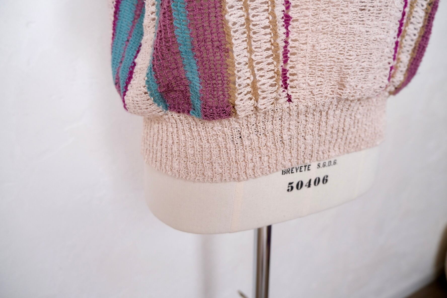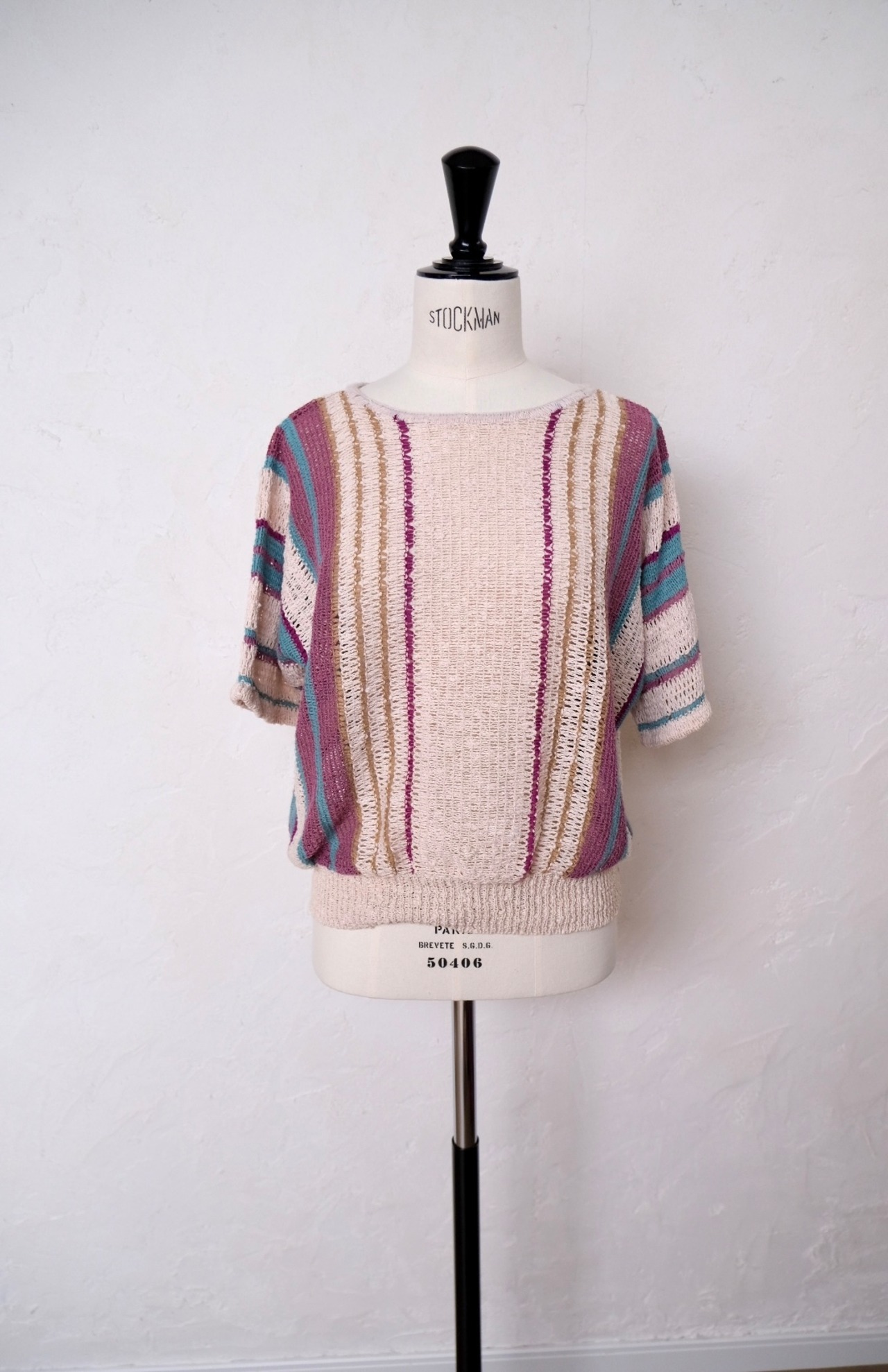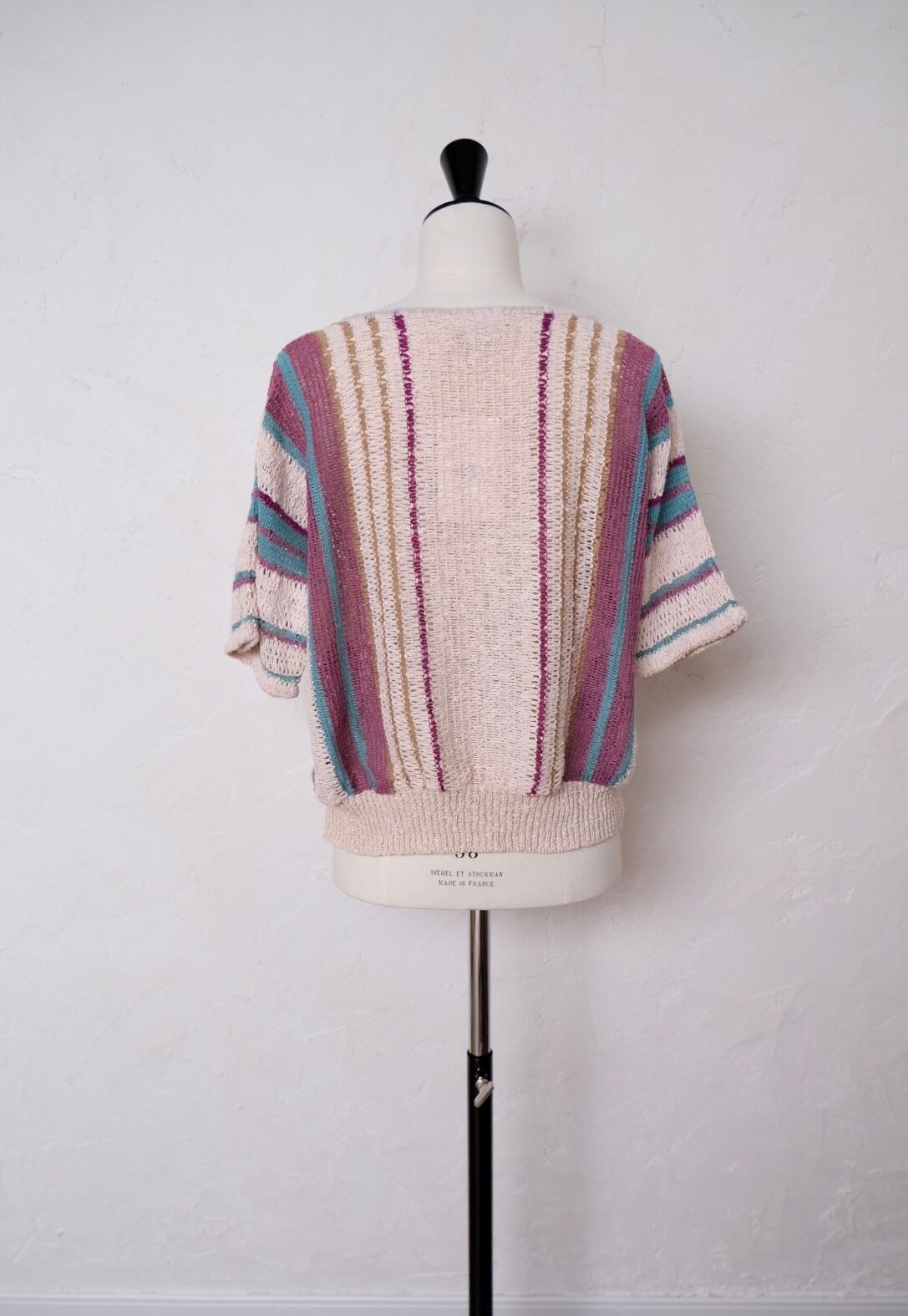 パープル、ブルー、ベージュの縞が入ったデザインのニット。
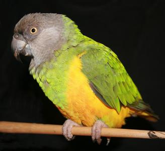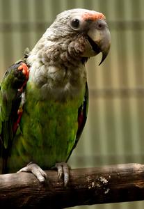 Ce gros perroquet africain, du genre Poicephalus, est également appelé perroquet du Cap. Le haut de sa poitrine et sa tête sont gris tandis que ses ailes et son ventre sont verts.
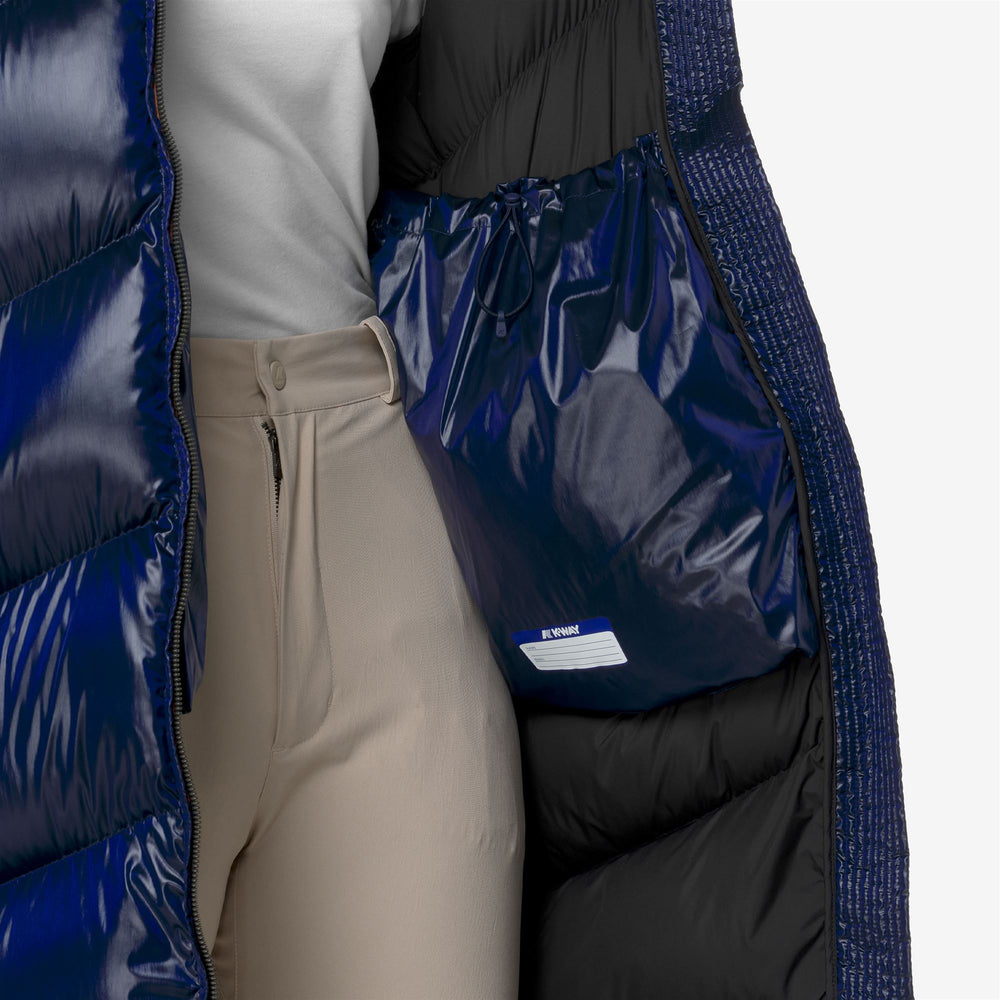Neivel is a full-length women's jacket with a contemporary lifestyle appeal, featuring an essential quilted design with no front logos. Designed for very cold temperatures, this jacket offers a regular fit and is crafted with a glossy, iridescent, and heathered diamond quilted nylon exterior. The down insulation ensures a high warmth level and gives the jacket an exceptionally light and fluffy appearance. The model includes an enveloping, adjustable hood, two side pockets, elastic cuffs, and the K-Way tape detail on the cuff.

* _How to complete this task_: The whole listing should be reproduced exactly. Images don't go in.

* _Reply_:
 パープル、ブルー、ベージュの縞が入ったデザインのニット。
 Ce gros perroquet africain, du genre Poicephalus, est également appelé perroquet du Cap. Le haut de sa poitrine et sa tête sont gris tandis que ses ailes et son ventre sont verts.
Neivel is a full-length women's jacket with a contemporary lifestyle appeal, featuring an essential quilted design with no front logos. Designed for very cold temperatures, this jacket offers a regular fit and is crafted with a glossy, iridescent, and heathered diamond quilted nylon exterior. The down insulation ensures a high warmth level and gives the jacket an exceptionally light and fluffy appearance. The model includes an enveloping, adjustable hood, two side pockets, elastic cuffs, and the K-Way tape detail on the cuff.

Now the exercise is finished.